2010/3/25 Iñaki Baz Castillo ibc@aliax.net:
Anyhow, there should be (IMHO) a in-built way to determine if the 408 occurs after "fr_timer" or "fr_inv_timer".
What I suggest is:
- Create a custom SIP status code (i.e. 498) which means "fr_timer expiration", this is: no provisional (neither final) response has been receiving within "fr_timer" seconds (typically 5-10 seconds).
This 498 really means that the server didn't reply at all !! so we must do failover or inform the client about a real problem (500/503).
- In case the expiration occurs due to "fr_inv_timer" (this is, after receiving at least a 100 or 1XX reply within "fr_timer") then an usual 408 would be locally generated (as it does now).
This 408 would mean that the server hasn't replied a final response within "fr_inv_timer" (100-200 seconds), which just indicates that nobody answered or rejected the call, but the server is alive.
Opinions?
I aki Baz Castillo writes:
- Create a custom SIP status code (i.e. 498) which means "fr_timer
expiration", this is: no provisional (neither final) response has been receiving within "fr_timer" seconds (typically 5-10 seconds).
i simple set a flag if provisional reply has been received.
-- juha
2010/3/25 Juha Heinanen jh@tutpro.com:
I aki Baz Castillo writes:
> - Create a custom SIP status code (i.e. 498) which means "fr_timer > expiration", this is: no provisional (neither final) response has been > receiving within "fr_timer" seconds (typically 5-10 seconds).
i simple set a flag if provisional reply has been received.
Yes, this is the second workaround I told in my initial mail, but even if it works it seems a workaround for me. There should be some way builit in the TM module to determine it.

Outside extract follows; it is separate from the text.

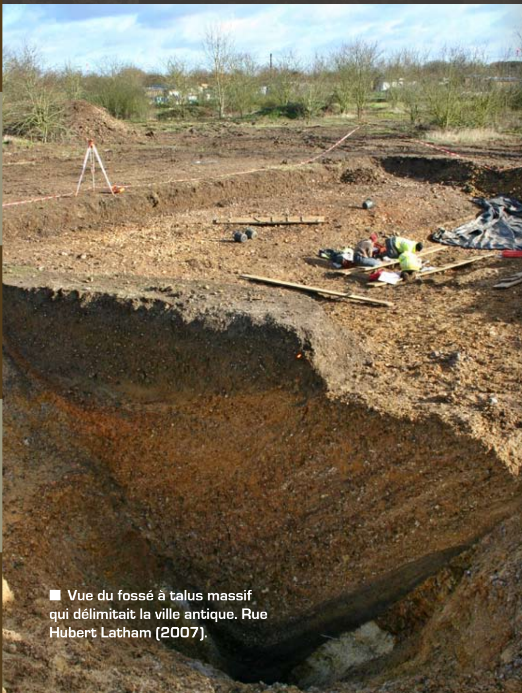
■ Vue du fossé à talus massif qui délimitait la ville antique. Rue Hubert Latham (2007).

Au 1 er siècle de notre ère, la ville d'Autricum se développe selon le schéma d'une ville romaine. Au sommet du plateau qui surplombe l'Eure, s'établit le forum (place publique). Au bord de l'Eure, un amphithéâtre est construit (au niveau du cloître Saint-André). Un réseau de voies empierrées quadrille la ville. Deux aqueducs acheminent l'eau aux habitants. Un sanctuaire monumental est édifié.

Another solution would be TM module to set a pseudo-variable if the 408 is generated due to "fr_timer", i.e: $tm_fr_timeout = true.
I aki Baz Castillo writes:
Yes, this is the second workaround I told in my initial mail, but even if it works it seems a workaround for me. There should be some way builit in the TM module to determine it.

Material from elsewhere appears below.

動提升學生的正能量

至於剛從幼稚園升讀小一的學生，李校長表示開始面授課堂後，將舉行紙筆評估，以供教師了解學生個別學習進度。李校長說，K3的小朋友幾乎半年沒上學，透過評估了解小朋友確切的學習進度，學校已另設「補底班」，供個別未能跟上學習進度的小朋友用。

Another solution would be TM module to set a pseudo-variable if the 408 is generated due to "fr_timer", i.e: $tm_fr_timeout = true.

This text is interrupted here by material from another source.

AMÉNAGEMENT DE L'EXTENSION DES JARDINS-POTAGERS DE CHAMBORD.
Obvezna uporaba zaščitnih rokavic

fine with me, but the flag workaround has worked fine for years for me and is easy to implement in the script.
in my opinion, there are many more higher priority things to do in core/tm module.
-- juha
On Mar 25, 2010 at 13:44, I??aki Baz Castillo ibc@aliax.net wrote:
Hi, this is a common issue reported by other users. Imagine I do failover between two gateways based on request timeout:
failure_route[FAILURE_ROUTE_OUT] {
# Locally generated 408 due to transaction timeout: if (t_local_replied("last") && $T_reply_code==408) { xlog("L_ERROR", "_ERROR_ $T_reply_code local replied => failover\n"); ... do failover ... }
}
The above code runs when the gateway-1 doesn't reply at all so "fr_timer" expires (let's say 5 seconds).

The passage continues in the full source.